-- What you have to do --
The data below holds a line containing "Men’s Starter Black" and a line containing "магния бисглицинат, микрокристаллическая"; please quote exactly those two lines and every line between them, and nothing else.

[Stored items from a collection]

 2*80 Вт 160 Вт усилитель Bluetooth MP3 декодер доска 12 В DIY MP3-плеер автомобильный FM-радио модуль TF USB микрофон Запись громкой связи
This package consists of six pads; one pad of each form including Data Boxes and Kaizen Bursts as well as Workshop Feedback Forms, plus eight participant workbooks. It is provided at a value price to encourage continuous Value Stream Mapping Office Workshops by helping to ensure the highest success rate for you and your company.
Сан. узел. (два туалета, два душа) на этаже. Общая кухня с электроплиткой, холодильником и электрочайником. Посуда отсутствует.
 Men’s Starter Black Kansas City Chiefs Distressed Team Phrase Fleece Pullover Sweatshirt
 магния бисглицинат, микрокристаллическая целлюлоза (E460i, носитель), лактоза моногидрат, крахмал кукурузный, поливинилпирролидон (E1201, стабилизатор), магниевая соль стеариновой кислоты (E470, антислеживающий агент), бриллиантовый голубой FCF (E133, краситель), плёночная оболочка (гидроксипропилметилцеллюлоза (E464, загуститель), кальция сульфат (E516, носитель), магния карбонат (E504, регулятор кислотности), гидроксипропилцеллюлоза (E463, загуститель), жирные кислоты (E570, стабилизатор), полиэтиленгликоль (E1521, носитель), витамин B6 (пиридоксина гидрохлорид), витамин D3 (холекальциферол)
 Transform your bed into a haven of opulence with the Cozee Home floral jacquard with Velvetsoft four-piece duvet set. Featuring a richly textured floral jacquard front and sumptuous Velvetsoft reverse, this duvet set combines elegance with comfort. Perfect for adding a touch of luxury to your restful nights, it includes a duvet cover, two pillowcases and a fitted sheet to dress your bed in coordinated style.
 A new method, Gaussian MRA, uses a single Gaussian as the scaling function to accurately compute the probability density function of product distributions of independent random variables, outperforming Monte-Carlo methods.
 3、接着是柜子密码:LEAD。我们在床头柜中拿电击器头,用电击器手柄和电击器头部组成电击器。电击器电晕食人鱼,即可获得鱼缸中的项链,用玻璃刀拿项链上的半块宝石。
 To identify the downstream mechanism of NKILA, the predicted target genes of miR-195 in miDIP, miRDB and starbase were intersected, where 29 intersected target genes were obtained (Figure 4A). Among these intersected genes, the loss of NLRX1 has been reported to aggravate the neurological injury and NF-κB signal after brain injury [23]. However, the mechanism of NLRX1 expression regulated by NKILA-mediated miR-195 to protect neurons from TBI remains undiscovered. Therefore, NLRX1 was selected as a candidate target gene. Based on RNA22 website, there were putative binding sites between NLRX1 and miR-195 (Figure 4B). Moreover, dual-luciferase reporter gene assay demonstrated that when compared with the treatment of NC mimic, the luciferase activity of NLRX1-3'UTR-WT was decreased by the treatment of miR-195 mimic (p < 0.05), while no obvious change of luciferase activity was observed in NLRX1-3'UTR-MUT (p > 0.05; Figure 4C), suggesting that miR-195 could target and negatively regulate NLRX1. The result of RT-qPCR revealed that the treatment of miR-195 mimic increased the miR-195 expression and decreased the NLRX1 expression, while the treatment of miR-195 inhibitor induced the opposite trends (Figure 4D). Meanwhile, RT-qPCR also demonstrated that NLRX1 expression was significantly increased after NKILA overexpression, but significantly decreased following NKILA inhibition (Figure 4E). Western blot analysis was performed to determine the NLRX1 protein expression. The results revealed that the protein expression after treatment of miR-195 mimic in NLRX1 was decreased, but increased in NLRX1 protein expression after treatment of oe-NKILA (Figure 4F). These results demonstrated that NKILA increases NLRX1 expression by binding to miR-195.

-- Output for this exercise --
 Men’s Starter Black Kansas City Chiefs Distressed Team Phrase Fleece Pullover Sweatshirt
 магния бисглицинат, микрокристаллическая целлюлоза (E460i, носитель), лактоза моногидрат, крахмал кукурузный, поливинилпирролидон (E1201, стабилизатор), магниевая соль стеариновой кислоты (E470, антислеживающий агент), бриллиантовый голубой FCF (E133, краситель), плёночная оболочка (гидроксипропилметилцеллюлоза (E464, загуститель), кальция сульфат (E516, носитель), магния карбонат (E504, регулятор кислотности), гидроксипропилцеллюлоза (E463, загуститель), жирные кислоты (E570, стабилизатор), полиэтиленгликоль (E1521, носитель), витамин B6 (пиридоксина гидрохлорид), витамин D3 (холекальциферол)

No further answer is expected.